11-3422-cr
United States v. Sessoms
UNITED STATES COURT OF APPEALS
FOR THE SECOND CIRCUIT
SUMMARY ORDER
RULINGS BY SUMMARY ORDER DO NOT HAVE PRECEDENTIAL EFFECT. CITATION TO A
SUMMARY ORDER FILED ON OR AFTER JANUARY 1, 2007, IS PERMITTED AND IS GOVERNED
BY FEDERAL RULE OF APPELLATE PROCEDURE 32.1 AND THIS COURT’S LOCAL RULE 32.1.1.
WHEN CITING A SUMMARY ORDER IN A DOCUMENT FILED WITH THIS COURT, A PARTY
MUST CITE EITHER THE FEDERAL APPENDIX OR AN ELECTRONIC DATABASE (WITH THE
NOTATION “SUMMARY ORDER”). A PARTY CITING A SUMMARY ORDER MUST SERVE A COPY
OF IT ON ANY PARTY NOT REPRESENTED BY COUNSEL.
At a stated Term of the United States Court of Appeals for the Second Circuit, held at the
Daniel Patrick Moynihan United States Courthouse, 500 Pearl Street, in the City of New York,
on the 29th day of November, two thousand twelve,
Present: AMALYA L. KEARSE,
CHESTER J. STRAUB,
ROSEMARY S. POOLER,
Circuit Judges.
_____________________________________________________
UNITED STATES OF AMERICA,
Appellee,
-v- 11-3422-cr
JAMES SESSOMS, also known as Popsie, also known as Doc,
Defendant-Appellant.*
_____________________________________________________
Appearing for Appellee: James P. Loonam (Peter A. Norling, on the brief), Assistant United
States Attorneys, for Loretta E. Lynch, United States Attorney,
Eastern District of New York
Appearing for Appellant: Sam A. Schmidt, New York, NY (Jillian S. Harrington, Monroe
Township, NJ, on the brief)
Appeal from a judgment of the United States District Court for the Eastern District of
New York (Block, J.).
*
The Clerk of the Court is directed to change the caption as set out above.
ON CONSIDERATION WHEREOF, IT IS HEREBY ORDERED, ADJUDGED,
AND DECREED that the judgment of said District Court be and it hereby is AFFIRMED.
James Sessoms appeals from the judgment of conviction dated August 16, 2011 and
entered by the district court on August 18, 2011. We assume the parties’ familiarity with the
underlying facts, procedural history, and specification of issues for review.

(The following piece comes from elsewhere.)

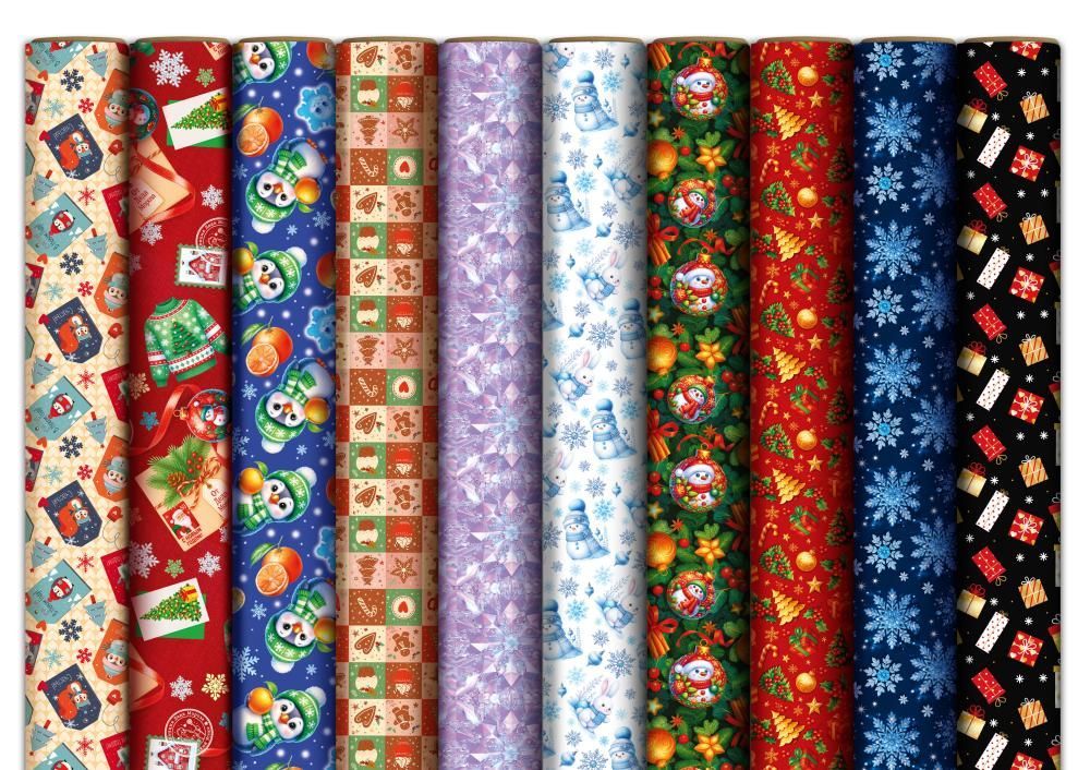 Набор упаковочной бумаги формата А0 предназначен для профессионального и розничного использования в сезонных и постоянных ассортиментных линейках. В комплект входят 50 листов из мелованной бумаги с полноцветной печатью новогодней тематики: на изображении представлены различные варианты рисунков с подарками, снежинками, зимними персонажами и праздничными орнаментами, что позволяет использовать набор как для единообразного оформления партий товара, так и для дифференциации упаковки по коллекциям или ценовым группам. Размер готового изделия 974 × 674 мм обеспечивает удобство упаковки средних и крупных подарков, коробок стандартных форматов, наборов посуды, текстиля и сувенирной продукции без необходимости стыковать несколько листов. Основа из мелованной бумаги отличается ровной гладкой поверхностью, хорошо держит форму при сгибании, не крошится по линиям фальца и совместима с большинством стандартных клейких лент, что важно при поточном оформлении подарков в магазинах, шоурумах и сервисных зонах. Поверхность имеет глянцевое покрытие ВД-лаком, которое повышает стойкость печати к истиранию, защищает красочный слой от влаги и механических воздействий при транспортировке и складском хранении, а также придаёт изображениям более выраженную насыщенность и чёткий контур. Плотность и структура материала позволяют использовать бумагу как для ручной упаковки, так и для работы на простых упаковочных столах и стойках, лист легко сворачивается в рулон и не ломается на сгибах. Отсутствие текста в дизайне делает набор универсальным по назначению: оформление подарков к Новому году и зимним праздникам, корпоративная упаковка, упаковка промо-наборов и сувениров, декор витрин и подарочных корзин. Листы удобны для хранения в горизонтальных или вертикальных стеллажах, не требуют специальных условий, сохраняют геометрию при стандартной влажности и температуре, что упрощает планирование запасов и использование набора в течение всего сезона.

When presented with an ineffective assistance of counsel claim on direct appeal with new
counsel, as in the current case, this Court can “(1) decline to hear the claim, permitting the
appellant to raise the issue as part of a subsequent § 2255 petition; (2) remand the claim to the
district court for necessary fact-finding; or (3) decide the claim on the record before us.” United
States v. Leone, 215 F.3d 253, 256 (2d Cir. 2000). This case demands further factual
development as to Sessoms’s ineffective assistance claim, and we thus decline to decide the
claim on the record before us. We further determine that this matter should be presented, not in
its current piecemeal fashion, but in a 28 U.S.C. § 2255 petition for a writ of habeas corpus,
wherein all factual and evidentiary matters can be assessed in one proceeding.
In addition to his claims based on the ineffective assistance of counsel, Appellant also
contends that the indictment was multiplicative and that the district court erred in (1) failing to
order the government to immunize a potential defense witness, (2) failing to grant a request for
adjournment following the filing of the superseding indictment, (3) failing to instruct the jury as
to venue, (4) failing to assign new counsel, and (5) imposing consecutive sentences under 18
U.S.C. § 924(c) as required by Deal v. United States, 508 U.S. 129 (1993). We find these
arguments to be without merit.
Accordingly, the judgment of the district court hereby is AFFIRMED.
We also note for the reference of the parties that the judgment submitted to this Court
was missing page 1A, which listed the final five counts of conviction.